This is devolving fast into a pathetic, embarrassing scene. Darth Sion looks and sounds so vulnerable now. He's the furthest thing from the threatening Sith Lord he takes pains to project. Meetra doesn't like it.
Trying to strike a conciliatory note while still sticking to her position, Meetra begins, "You're a good man, Tony. Far better than I deserve. No matter what you look like, you could never be a monster. But it will never work between us."
"Because I'm not Revan," he finishes glumly.
She corrects him. "Because you're not the hero I'm looking for."
Tony was supposed to be the hero of the Dark Side, the Sith Lord who uses his evil Darkness for good.
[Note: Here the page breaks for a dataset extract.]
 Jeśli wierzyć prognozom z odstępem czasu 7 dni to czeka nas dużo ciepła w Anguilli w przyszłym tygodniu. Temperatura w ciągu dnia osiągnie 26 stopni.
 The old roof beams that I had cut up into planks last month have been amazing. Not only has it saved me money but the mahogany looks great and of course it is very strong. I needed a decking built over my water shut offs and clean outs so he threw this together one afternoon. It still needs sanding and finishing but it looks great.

Sure, he's seeking revenge, but it's a revenge that betters everyone, so it's not self-serving. At least, not wholly . . . And because Tony is so fiercely—so Darkly—determined to liberate his people, he's supposed to step up to take the role of Dark Lord that he doesn't want. If along the way that means sacrificing someone like his obstructionist brother-in-law, so be it. Because visionary leaders focus on the big picture. They don't allow their personal feelings and attachments to impede them. She certainly didn't at Malachor, and she was a Jedi back then.
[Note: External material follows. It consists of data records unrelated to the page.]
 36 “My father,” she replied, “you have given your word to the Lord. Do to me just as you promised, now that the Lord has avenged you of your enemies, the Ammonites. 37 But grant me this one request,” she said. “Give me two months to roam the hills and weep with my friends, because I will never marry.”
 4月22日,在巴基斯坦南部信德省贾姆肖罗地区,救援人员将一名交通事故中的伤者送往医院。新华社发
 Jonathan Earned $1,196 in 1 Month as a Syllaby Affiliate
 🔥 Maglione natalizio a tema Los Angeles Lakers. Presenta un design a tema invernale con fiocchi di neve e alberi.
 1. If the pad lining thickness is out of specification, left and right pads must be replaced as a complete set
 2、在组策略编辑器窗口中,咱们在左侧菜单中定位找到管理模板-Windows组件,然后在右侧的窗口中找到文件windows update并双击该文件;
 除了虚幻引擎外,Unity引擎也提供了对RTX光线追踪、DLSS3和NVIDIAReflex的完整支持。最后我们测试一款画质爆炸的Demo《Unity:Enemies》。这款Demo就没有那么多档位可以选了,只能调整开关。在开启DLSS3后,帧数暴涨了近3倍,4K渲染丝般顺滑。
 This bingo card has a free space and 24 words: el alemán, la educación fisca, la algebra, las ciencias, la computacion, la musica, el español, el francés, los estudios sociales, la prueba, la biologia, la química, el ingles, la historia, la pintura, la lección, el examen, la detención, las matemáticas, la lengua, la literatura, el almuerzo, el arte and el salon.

Tony's a fucking Sith Lord, and a credible rival to Darth Vitiate. He's supposed to lust for power and scheme for dominance. And that's okay because he's the good sort of Sith who wants to unseat the reigning tyrant, moderate the Empire, and make peace with the Republic. He's Dark mostly in the sense the Crusaders like herself were Dark. Well, except for the torture part . . . None of the Crusaders were gleeful sadists.
Tony was, until he wasn't. For Darth Sion has suddenly gone soft on her. Instead of vengeful glory, he wants domestic bliss on his backwater system and wholesome family chumminess with his bestie Azamin. Meetra didn't really see this coming. She is dismayed and confused, and increasingly angry because she feels misled.
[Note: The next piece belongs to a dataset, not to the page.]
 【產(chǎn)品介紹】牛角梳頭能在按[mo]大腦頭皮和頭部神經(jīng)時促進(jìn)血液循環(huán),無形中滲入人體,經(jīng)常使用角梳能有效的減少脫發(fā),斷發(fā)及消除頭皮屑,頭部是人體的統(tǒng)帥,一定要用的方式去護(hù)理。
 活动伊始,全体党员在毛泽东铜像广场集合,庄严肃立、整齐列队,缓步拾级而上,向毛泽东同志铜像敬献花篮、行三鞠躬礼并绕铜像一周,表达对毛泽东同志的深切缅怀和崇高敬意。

For his part, Tony feels the same way. He lashes out. "The Jedi Order ruined you! They warped your mind and made you cold! What kind of compassion abandons people? What kind of creed forbids love and commitment? What religion prioritizes politics over people?"
"They threw me out, I didn't quit," she reminds him. Bashing the Order isn't exactly a winning strategy with her.
But Tony doubles down on it anyway. "You should have quit! Are you really going to let their ideology come between you and happiness? After the way they treated you? Do their ideals still mean that much?"
Yes. Defensive Meetra starts to sputter out the truth. "I want to be Light. Wholly Light again. I will be better this time," she verbalizes her regret and shame. "I will learn from my mistakes."
"They will never take you back."
"I can try to get them to—"
"They will never take you back! If you return with Revan, they especially will not take you back. Accept it: there is no path back to the life of the woman you once were. Like there is no way for me to ever be the man I once was. The only future is forward to something new."
She nods sadly to agree. "I thought that was what we were doing . . . that we were creating a new and better future for the Empire and the Republic." And maybe—just maybe—if they killed Vitiate, she could return to the Republic as a hero, like she still longs to be. "But now," she glares, "I know that the new and better future you want is for yourself!"
She looks away as she wipes at an infuriating tear that leaks out. "You're probably right about the Order . . . they're unlikely to take me back, with or without Revan, no matter what I do to help the Republic. But that won't stop me from trying. I still want to be a good Jedi. I still want to help the Republic."
"By freeing Revan, starting a civil war here in the Empire, and then plotting a Republic invasion?" Tony goads.
"I don't know what Revan will want to do," she admits softly. "I'm not even sure who Revan is now."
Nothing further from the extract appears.